A Film About Hard-to-Find Stars


We rarely think about the night sky in New York. Mainly because there’s so little to see beyond the moon and a star or two. It’s only when we leave (as many will do this weekend) that we try to pinpoint Orion. Otherwise, few of us came here or stay here to see the Milky Way.

“Unlike air, water, food and shelter, it’s not always abundantly clear that we need the stars,” says Ian Cheney, director of The City Dark, the latest production from his Brooklyn-based documentary project, Wicked Delicate, which is also responsible for King Corn and Truck Farm (the star of which you’ve likely seen parked around Brooklyn). Shot across rooftops in Brooklyn and starry skies above Long Island, Maine, the Arizona desert, and Maui, The City Dark will make its New York premiere next Sunday, June 5 at Rooftop Films in Gowanus, on top of the Old American Can Factory.
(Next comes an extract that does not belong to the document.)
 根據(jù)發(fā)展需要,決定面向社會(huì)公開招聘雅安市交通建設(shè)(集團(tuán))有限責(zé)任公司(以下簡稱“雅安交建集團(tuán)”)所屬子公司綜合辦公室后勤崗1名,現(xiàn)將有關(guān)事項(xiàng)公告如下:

Forty minutes into Cheney’s film about light pollution and how it affects our ability to see the night sky, you may start to think, “So what?” Yes, lighting up our cities at night makes it hard for astronomers to do their work, but now that we’re no longer sailing around the world (without GPS), what does the average person really need the stars for?

That’s when the film takes a surprisingly dark turn, and starts to look into all the health risks of being bathed in a continuous haze of streetlamps and fully lit parking lots. There’s no denying we need light to operate and feel safe at night, but after watching City Dark you wonder whether we need so much of it.
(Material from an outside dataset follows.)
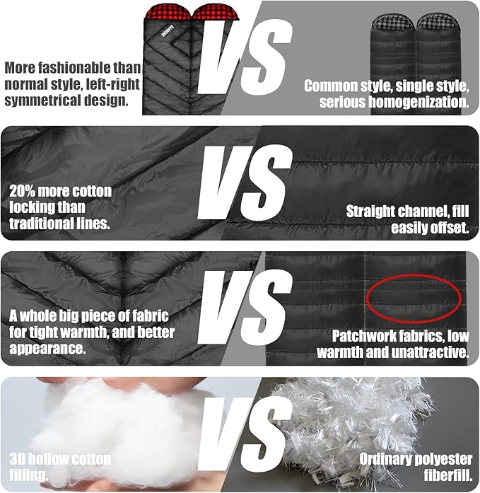 - Warm Flannel Cotton: Soft and comfortable poly-flannel lining, and the sleeping bag is filled with hollow cotton, Soft and cozy, providing warmth and comfort no matter what scenario you're in.

Going into this film, Cheney says he too knew next to nothing about the ramifications of light pollution—how it messes with the habitat of sea turtles, kills thousands of birds, and perhaps, kills humans too. “I knew it was annoying for astronomers. But I knew nothing about the way artificial light affected wildlife and human life. The way the film progresses really reflects my own journey.”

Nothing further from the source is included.